Born Louisa Ann Gardner, she was the daughter of a sea captain who was lost at sea when she was seven years old. She and her mother moved to Charleston, South Carolina, where her mother died. Orphaned, Louisa went to Baltimore to live with an uncle, Ephraim Gardner. While in Baltimore, she met and, in 1821, married Stephen Swain, who operated a chair factory. When their fourth child was six weeks old, Stephen Swain sold the chair factory and the family moved, first to Zanesville, Ohio, and later to Indiana. Soon after their son Alfred and his young family moved to the new town of Laramie, Wyoming, in 1869, the Swains joined them.

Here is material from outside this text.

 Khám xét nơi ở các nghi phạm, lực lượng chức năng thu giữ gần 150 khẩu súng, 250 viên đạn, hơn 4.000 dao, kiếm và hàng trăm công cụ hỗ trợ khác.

On September 6, 1870, she arose early, put on her apron, shawl and bonnet, and walked downtown with a tin pail in order to purchase yeast from a merchant. She walked by the polling place and concluded she would vote while she was there. The polling place had not yet officially opened, but election officials asked her to come in and cast her ballot. She was described by a Laramie newspaper as "a gentle white-haired housewife, Quakerish in appearance."

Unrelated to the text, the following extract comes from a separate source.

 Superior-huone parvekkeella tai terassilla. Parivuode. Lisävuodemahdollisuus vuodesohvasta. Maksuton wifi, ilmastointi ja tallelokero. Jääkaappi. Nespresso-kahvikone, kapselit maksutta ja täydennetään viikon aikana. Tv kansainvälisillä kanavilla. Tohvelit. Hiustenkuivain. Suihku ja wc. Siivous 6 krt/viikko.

She was 69 years old when she cast the first ballot by any woman in the United States in a general election. Soon after the election, Stephen and Louisa Swain left Laramie and returned to Maryland to live near a daughter. Stephen died October 6, 1872, in Maryland. Louisa died January 25, 1880, in Lutherville, Maryland. Her body was buried in the Friends Burial Ground on Harford Road in Baltimore.

Legacy

The Louisa Swain Foundation was established in 2001 and is dedicated to preserving and celebrating Swain's heritage and history and "fostering education in the areas of democracy, human rights and suffrage". The Foundation runs the Wyoming House for Historic Women in Laramie, Wyoming, which celebrates thirteen women, including Swain. A statue in her honor was dedicated in front of the museum in 2005.
Congress recognized September 6, 2008, as Louisa Swain Day via House Concurrent Resolution 378.